Cependant, Yoichi Enokida, Professeur de sciences des matériaux à l’Ecole d'Ingénierie de l'Université de Nagoya, dont les propos ont été cités par l'Associated Press, a précisé que les eaux déversées ne contenaient pas que de l'iode. Elles contiennent aussi du cesium-137, dont la demi-vie est beaucoup plus longue.

Ces deux substances peuvent s'accumuler dans la chair des poissons, bien que la demi-vie de l'iode, courte, veut dire qu'elle n'y restera pas très longtemps. Quant au césium, ses effets probables à long terme ont besoin de faire l'objet de davantage de recherches pour être connus.

« Il est extrêmement important d'adopter un plan pour réduire le déversement des eaux contaminées aussitôt que possible », a t-il dit.

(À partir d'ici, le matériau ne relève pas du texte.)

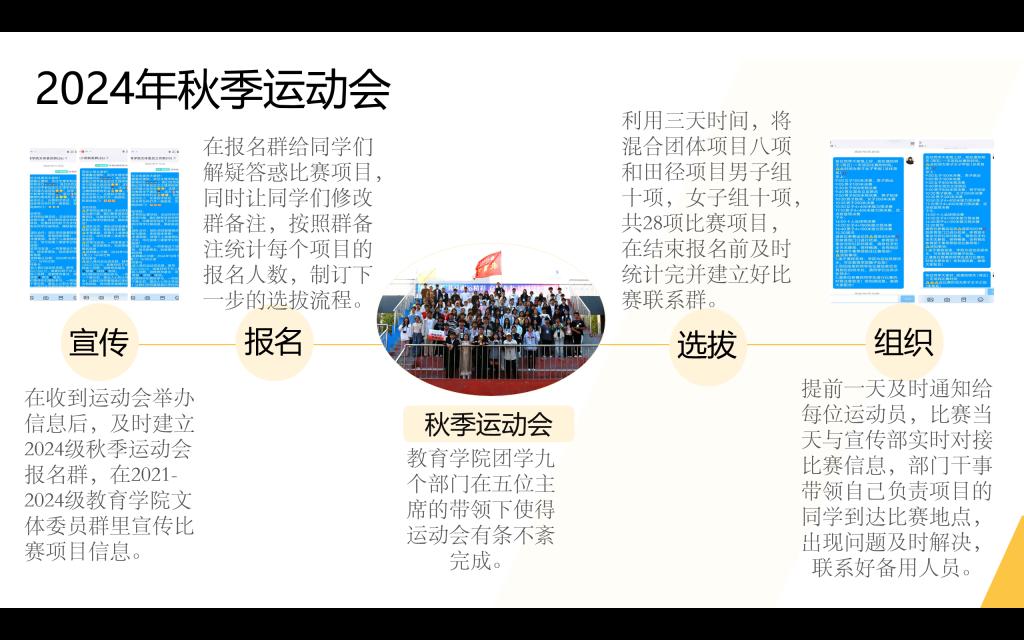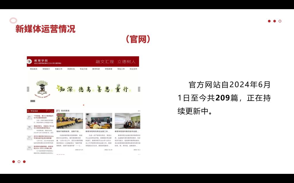 宣传部在各各平台积极宣传获得显著成果,公众号“beats365”2024年6月1日至2024年11月14日共计发布公众号617篇,粉丝数达3971人。官方QQ“beats365”2024年6月1日至2024年1月17日共计发布918篇,浏览量达28万人次。官方抖音“教小育”2024年6月5日至今共发布作品138篇,获赞8054,粉丝人数589,总浏览量54万。官方网站自2024年6月1日至今共209篇,正在持续更新中。
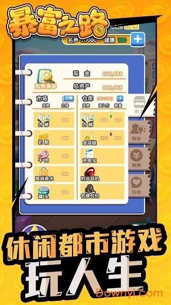 暴富之路是一个模拟白手起家,寻找一夜暴富机会的模拟小游戏,这里提供暴富之路言网版本下载,你可以知道努力拼搏的痛苦,可以知道成功人士的枯燥,游戏玩法自由,数值随机,非常轻松。
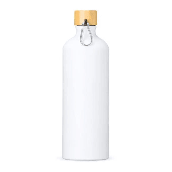 Garrafa em alumínio na cor branca com capacidade de 1 litro. Possui tampa rosqueável em Bambu com mosquetão.
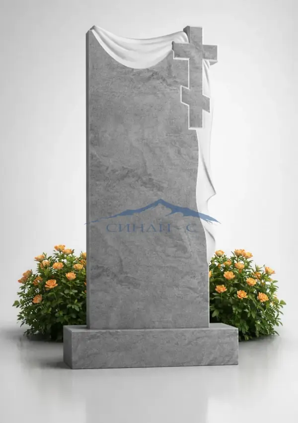 Мраморный памятник с православным крестом и драпировкой выполнен из натурального светлого мрамора, отличающегося мягкой текстурой и изящным внешним видом. Крест символизирует веру, вечную жизнь и духовную память, а декоративная драпировка подчеркивает скорбь и уважение к ушедшему человеку. Плавные линии стелы и гармоничное сочетание строгой формы с художественными элементами создают спокойный и выразительный образ. Лаконичный дизайн делает памятник универсальным и эстетичным решением. Возможна гравировка имен, дат или изображений, что позволяет создать индивидуальное мемориальное оформление.
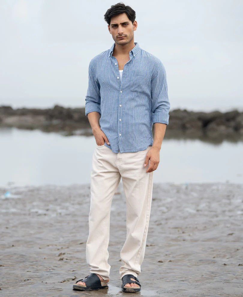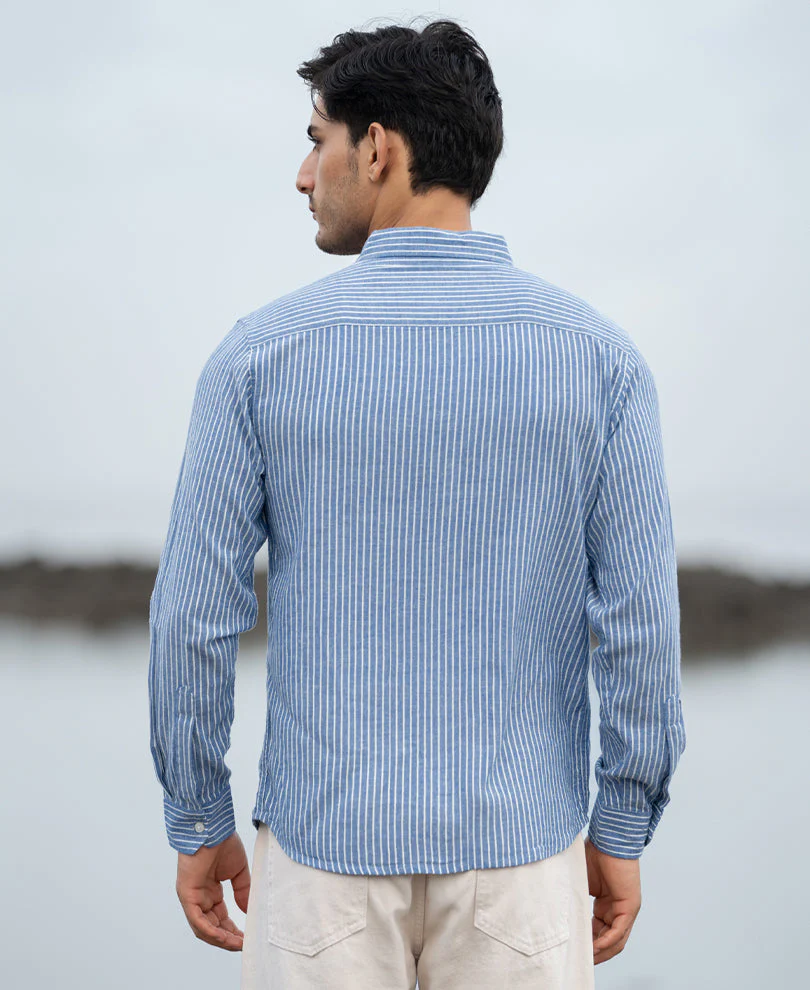 Blue Linen Blend Stripe Shirt

L'urgence nucléaire a conduit mardi le Gouvernement japonais à établir pour la première fois un niveau standard acceptable de radiations pour le poisson, d'après un article de l'Associated Press. Certains poissons pêchés vendredi dernier au large des eaux côtières du Japon auraient dépassé la limite nouvellement fixée, pour peu qu'elle eût été déjà établie alors.

Qiu Yongsong, chercheur à l'Institut de Recherche sur la Pêche en Mer de Chine Méridionale, dit que les tests de radiations devraient être menés plus strictement sur la prochaine pêche provenant des zones de pêche de Hokkaido, dans le Nord-Ouest de l'Océan Pacifique. Les produits de la mer, a t-elle expliqué, peuvent constituer plus d'un danger, les substances radioactives devenant de plus en plus concentrées dans l'organisme des animaux marins, a rapporté lundi le Mirror, de Beijing.

Dans le même temps, les importateurs de produits de la mer japonais risquent probablement de souffrir mille maux du fait de l'urgence nucléaire, d'après les experts du secteur.

Yu Jun, gérant d'une entreprise qui distribue des ingrédients alimentaires japonais à Shanghai, a ainsi dit que ses affaires avaient déjà connu une chute après le séisme qui a frappé le Japon le mois dernier. Et il s'attend à ce que plus de clients soient tentés de fuir ces produits suite à la décision du Japon de relâcher des eaux contaminées dans l'océan.

Depuis le 2 avril après la publication de rapports disant que des eaux contaminées s'écoulaient de la centrale nucléaire japonaise, de nombreux micro-bloggueurs sur sina.com.cn ont posté des messages avertissant des dangers posés par les produits de la mer.

Des articles parus plus tôt avaient également signalé que de nombreux supermarchés et restaurants en Chine avaient décidé d'éviter l'utilisation de produits alimentaires japonais en réponse aux inquiétudes des clients au sujet des radiations.